Scytodes lycosella

Scientific classification
- Kingdom: Animalia
- Phylum: Arthropoda
- Subphylum: Chelicerata
- Class: Arachnida
- Order: Araneae
- Infraorder: Araneomorphae
- Family: Scytodidae
- Genus: Scytodes
- Species: S. lycosella
- Binomial name: Scytodes lycosella Purcell, 1904

= Scytodes lycosella =

- Authority: Purcell, 1904

Species of spider

Scytodes lycosella is a species of spider in the family Scytodidae. It is endemic to South Africa.

==Distribution==
Scytodes lycosella is found only in KwaZulu-Natal Province, where it is known from Rietvlei in the Umvoti district.

==Habitat and ecology==
The species inhabits the Savanna biome at an altitude of 1450 m above sea level. It is a wandering spider collected from under stones and dark places on the soil surface.
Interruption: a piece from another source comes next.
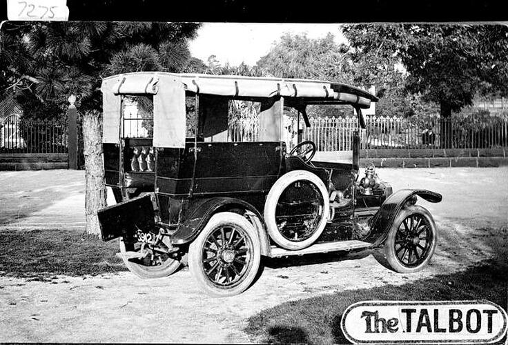 A Talbot passenger car. Passenger entry is from the rear and the door is open. Kellow Motors of Russell Street, Melbourne held the agency for Talbot cars at this time.

Adult females were last sampled in 1899, and no males have been collected.

==Description==

Scytodes lycosella females have a distinctive carapace pattern with only three black stripes above. The median stripe is abbreviated behind, reaching only to the middle of the carapace. The outer stripes are very broad, nearly meeting posteriorly, each containing an oval yellow spot just before the middle of the carapace. The median yellow area just behind the median black stripe is broad and spindle-shaped. The sides of the carapace show black reticulation and several tiers of yellow areas.

The legs are very strongly banded, with the femora displaying three strong black bands. The anterior pair of legs are also spotted with black near the apex.

==Conservation==
Scytodes lycosella is listed as Data Deficient by the IUCN due to taxonomic reasons. The species has not been collected since 1899, and its current status remains unknown. The threats to the species are unknown, and more sampling is needed to collect males and determine the species' range.

==Taxonomy==
The species has not been revised and is known only from the female. The epigyne has been illustrated.